- **Exercise brief**
Output all of the data below without changing a word, and exclude the pictures.

- **The data**

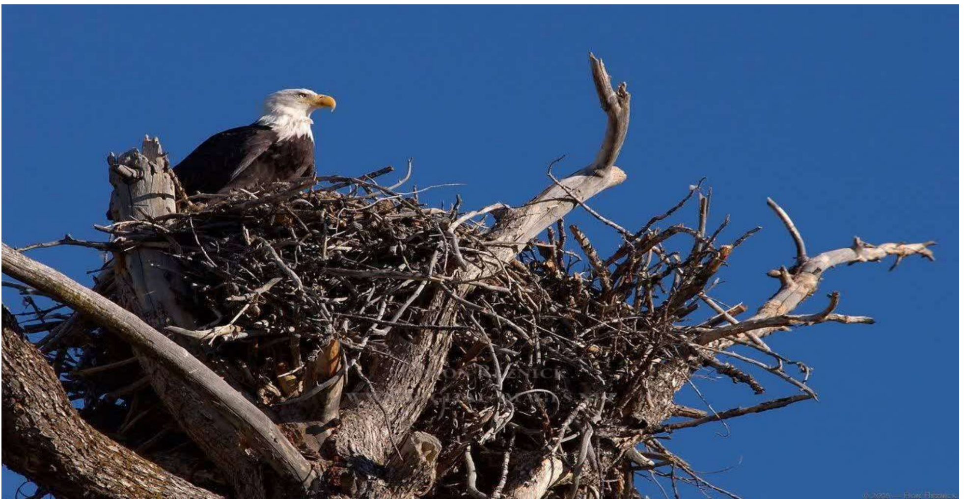
آشیانه عقابها گاه تا ۵۰۰ کیلوگرم وزن و ۳ متر پهنا، بزرگی دارد
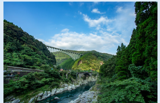
9月 旧綱ノ瀬橋梁 (日之影町)
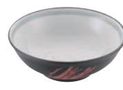
⑪黒軸筆流し玉淵丼 71
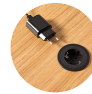
On top schuko socket Enchufe de sobremesa

- **Solution to the problem**
آشیانه عقابها گاه تا ۵۰۰ کیلوگرم وزن و ۳ متر پهنا، بزرگی دارد
9月 旧綱ノ瀬橋梁 (日之影町)
⑪黒軸筆流し玉淵丼 71
On top schuko socket Enchufe de sobremesa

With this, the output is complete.